Teachers using the 50% floor can now assign a grade of “no evidence” which corresponds with a 0% in the grade book. Classes piloting the standards-based grading scale are now encouraged to develop rubrics that show a student’s level of proficiency rather than a percentage. 

Jeretina was part of the process of implementing these changes.

“We collected a lot of feedback at the end of November and beginning of December to gauge where students and teachers were at with things,” Jeretina said. “We found that the student response was largely favorable.”

Currently, Infinite Campus requires each competency level to correspond to a percentage, Jeretina said. This means each number on a 4-point or 5-point scale must be converted into a percentage grade.

“[A standards-based grading method] still presents a better option than the current reality of some of the things happening on a 100-point scale,” Jeretina said. “We’re giving some teams some latitude with that. However, the intent is for teams to communicate any changes with students and with families so that they know going into the new semester that there may have been some tweaks in the rationale behind it.”

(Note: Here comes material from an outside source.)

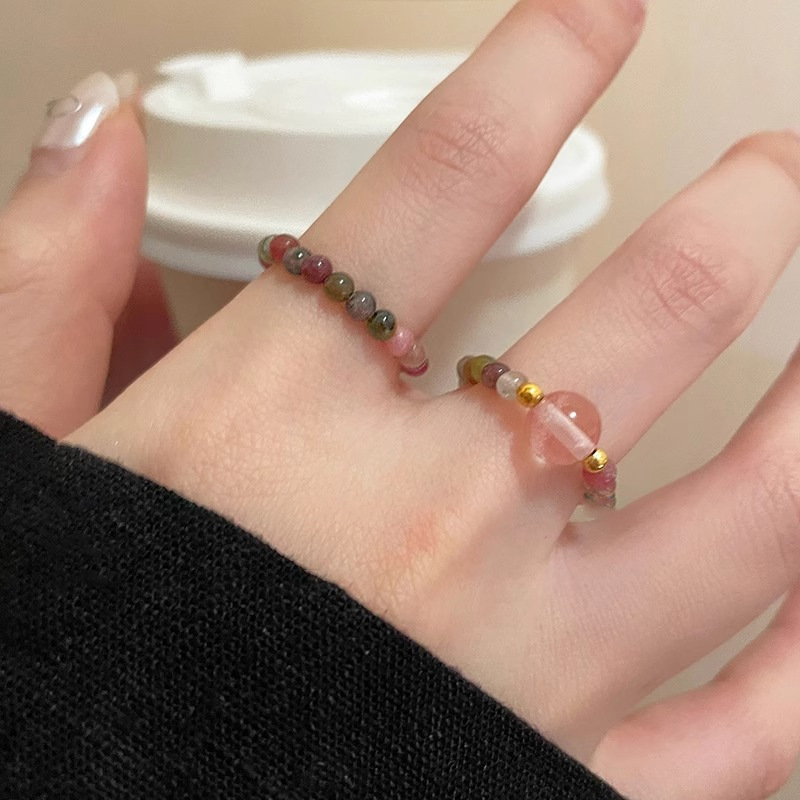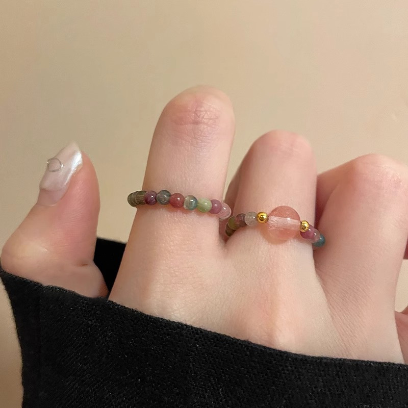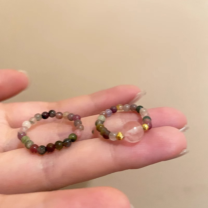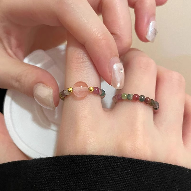 Large Round Bead Tourmaline Beaded Ring suit Women's Retro Ethnic Style Elastiness Rope Finger Ring Advanced Sense Simple Ring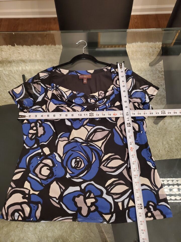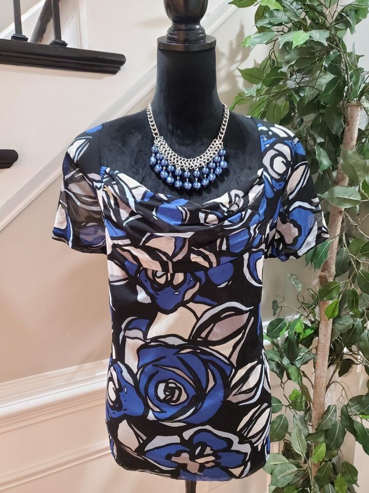 Dana Buchman Womens Multicolor Floral Nylon Cowl Neck Short Sleeve Top Blouse 1X.

English department chair Mike Doman participated in the 5-point standards-based grading pilot during the fall semester and is now adapting to the changes this semester.

“We adjusted it so that there are two categories for each [standard]: high meets, meets, low meets, and [separated] does not meet and the true no evidence,” Doman said.

Doman said he wants to make grading a closer reflection of what students have mastered.

“I’m just really impressed and grateful to the students that have been a part of this that have been really trusting,” Doman said. “They have been open because it’s been an adjustment for them. It’s not just like, ‘oh, it’s easy.’ So, I just really appreciate the spirit that they’ve shown.”

A slide deck sent out to teachers stated that though they are planning to implement both pilots school-wide by the 2024-2025 school year, however, more conversations are still required before going forward with this plan, Jeretina said.

“There are 51 ways to fail and only 49 ways to succeed,” Jeretina said. “The 100-point scale that we’re very familiar with is something that has been used to evaluate students for a really long time. What we’re trying to do with it is just make sure that what a grade is representative of is what a student knows and is able to do. We think that with these models, we’re able to really get closer to that goal.”